- Developer: Digital Extremes
- Publisher: Digital Extremes
- Engine: Evolution
- Platform: Windows
- Release: December 2023 (Pre-alpha) TBA (Full release)
- Genres: Action role-playing, MMO
- Modes: Single-player, Multiplayer

= Soulframe =

Upcoming video game

Soulframe is an upcoming free-to-play action role-playing massive multiplayer online game developed and published by Digital Extremes. It is currently available to play on Microsoft Windows, though Digital Extremes intend to release it on both Xbox Series X/S and PlayStation 5 once it is out of alpha.

== Plot ==

Soulframe is set on Alca, a world that lives and breathes with the spirit of nature, and the ancient magicks of the Fey. Yet Alca is under violent occupation by the Ode, a technologically advanced colonising force from the distant cosmos. Their mercenaries, the Sinecure, have descended from their Skytowers to strip Alca of her flesh and remake the world in the corrupted vision of their home.

== Gameplay ==

Three player Envoys defend the isle of Midrath against a group of Sinecure.

The player takes control of the Envoy - a warrior bearing a blue Pact Arm infused with magicks of the ancient Fey, dedicated to protecting Alca and her people from outside threat. As they explore the land of Midrath they must learn to slay powerful foes, and uncover both the secrets and treasures of this ravaged land.

== Status ==

Soulframe is playable via its pre-alpha version, titled Soulframe Preludes.
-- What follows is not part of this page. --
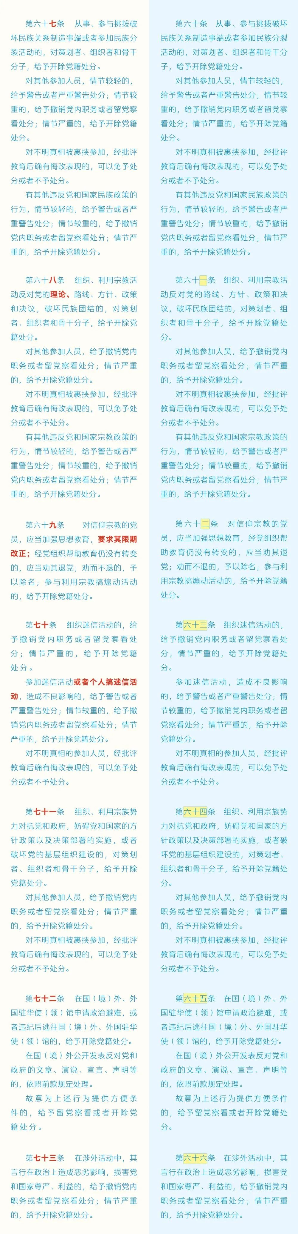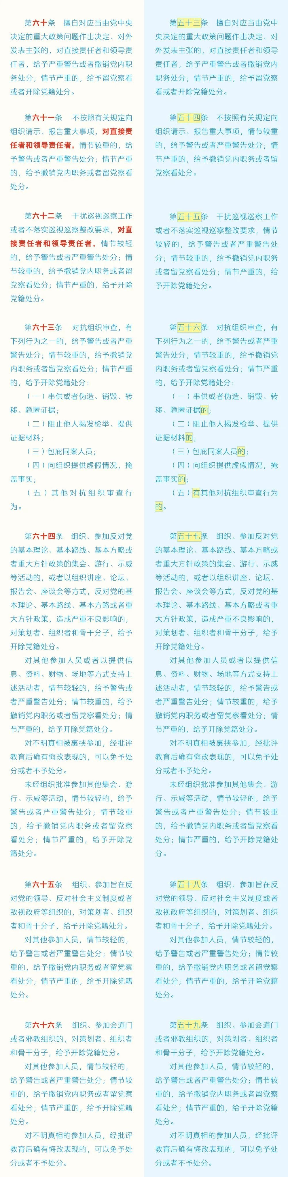 《中国共产党纪律处分条例》修订条文对照表(二)

It began as invite-only, but was twice opened to the public during TennoCon - Digital Extremes' annual fan convention - in July 2025 and 2026, granting permanent access to users who signed up by the end of that week.

Thereafter, access to Preludes has been granted regularly via both email (to 2,000 randomly selected invitees every Wednesday at 5PM CET) or Twitch Drops available via regular streams (with a guaranteed access code provided to every viewer).
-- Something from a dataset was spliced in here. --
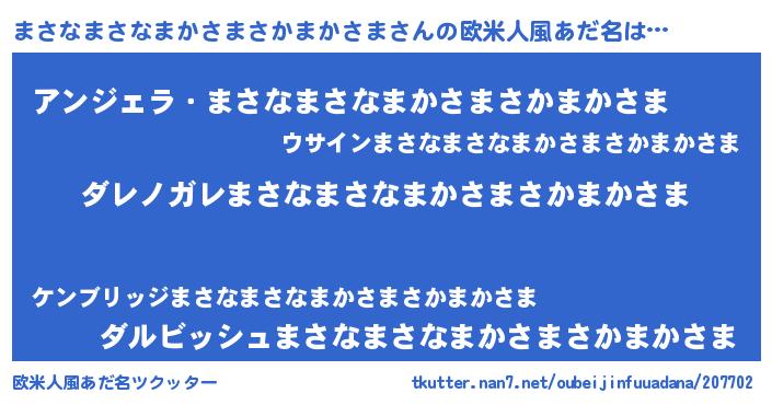 | 意味不明あだ名 | 『住所不定無職まさなまさなまかさまさかまかさま(6歳)』 |

Soulframes latest major update, Preludes 16: Of Hook & Hound, was released on 18th September, 2026. Its next major update, Preludes 17: Warsongs, is scheduled for late Autumn 2026.

Release timeline
| 2022 | Announcement |
| 2023 | Preludes Launch |
| 2024 | Preludes 1.1 |
Preludes 1.2
Preludes 1.3
Preludes 4
Preludes 5
Preludes 6
Preludes 7
| 2025 | Preludes 8 |
Preludes 9
Preludes 10
Preludes 11: The Waste Bear
Preludes 12: Founders
Thawtide
| 2026 | Preludes 13: A Triquetra of Virtues |
Preludes 14: The Duelo
Preludes 14.5: Ode'n Tempers
Preludes 15: Gods & Ghosts
Preludes 16: Of Hook & Hound
Preludes 17: Warsongs (late Autumn, Date TBA)
Steam Release (Date TBA)
| TBA | Xbox Series X/S and PlayStation 5 Launch |

== Development ==
Soulframe is developed by the Canadian studio Digital Extremes, best known for Warframe. It was publicly revealed via a cinematic trailer at TennoCon in July 2022. It then became playable in December 2023 with the release of its first Pre-alpha build.

On November 25, 2025, the Founders program was launched, allowing players to purchase bundles that provide access to Preludes, along with exclusive in-game items. The Founders program is expected to continue until later in 2026, and will also be available at the time of the game's release on consoles.